| TASK STATEMENT |
The data below should be printed in full, exactly, and without any of its images.

[Extracted records]
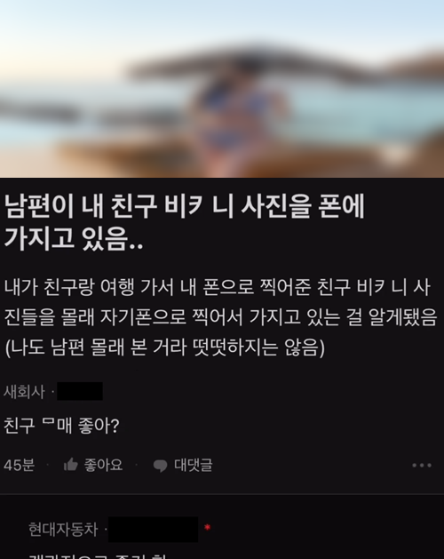 남편이 내 친구 비ㅋ니 사진을 몰래 가지고 있음
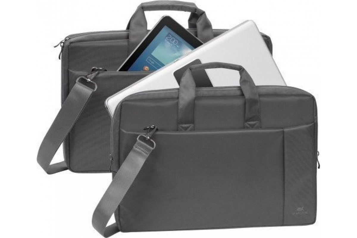 RivaCase RIVACASE TORBA NA LAPTOP 17,3" CENTRAL, SZARA, Z POLIESTRU, Z KIESZENIAMI NA TABLET, SMARTFON, DOKUMENTY I AKCESORIA
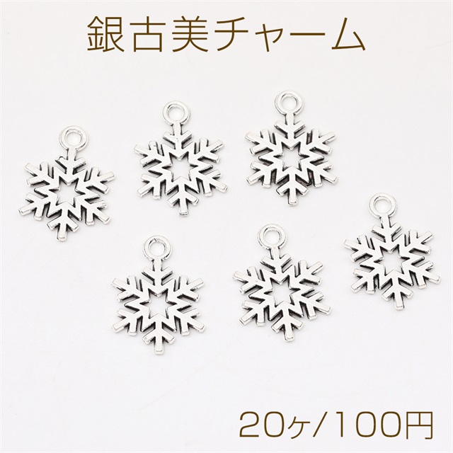 銀古美チャーム アンティークシルバー 立体メタルチャーム 雪結晶(20ヶ)
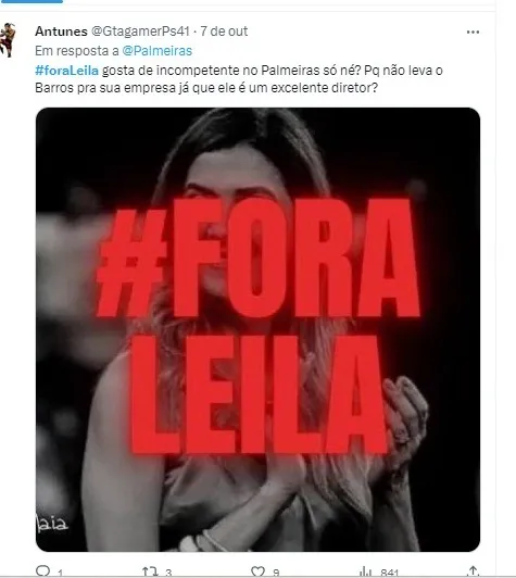 Nas redes sociais, a hashtag #ForaLeila está entre os assuntos mais comentados no twitter. A torcida demonstra total insatisfação com a gestão da diretora, que no início do mandato fez algumas promessas, mas não as cumpriu. Dessa forma, com as eliminações e a falta de reforços a torcida palmeirense está enfurecida com a diretora e também patrocinadora do Palmeiras.
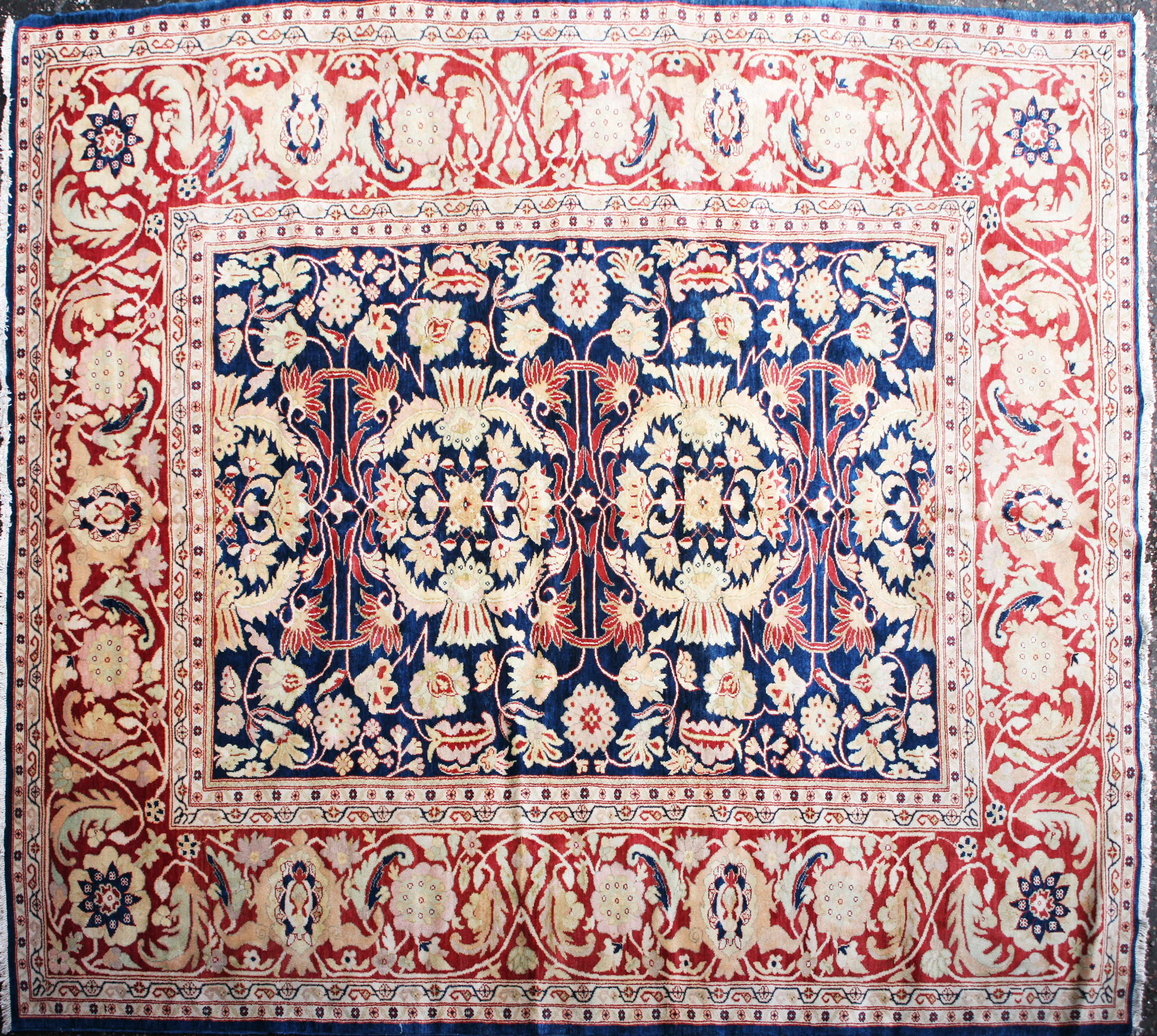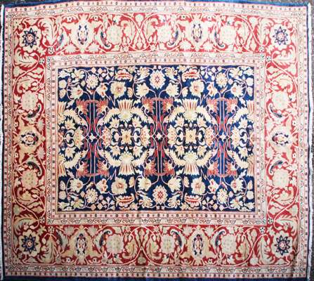 the indigo field with stylised foliate design, within red turtle palmette, rosette and foliate vine border between bands

| RESULT OF THIS EXERCISE |
 남편이 내 친구 비ㅋ니 사진을 몰래 가지고 있음
 RivaCase RIVACASE TORBA NA LAPTOP 17,3" CENTRAL, SZARA, Z POLIESTRU, Z KIESZENIAMI NA TABLET, SMARTFON, DOKUMENTY I AKCESORIA
 銀古美チャーム アンティークシルバー 立体メタルチャーム 雪結晶(20ヶ)
 Nas redes sociais, a hashtag #ForaLeila está entre os assuntos mais comentados no twitter. A torcida demonstra total insatisfação com a gestão da diretora, que no início do mandato fez algumas promessas, mas não as cumpriu. Dessa forma, com as eliminações e a falta de reforços a torcida palmeirense está enfurecida com a diretora e também patrocinadora do Palmeiras.
 the indigo field with stylised foliate design, within red turtle palmette, rosette and foliate vine border between bands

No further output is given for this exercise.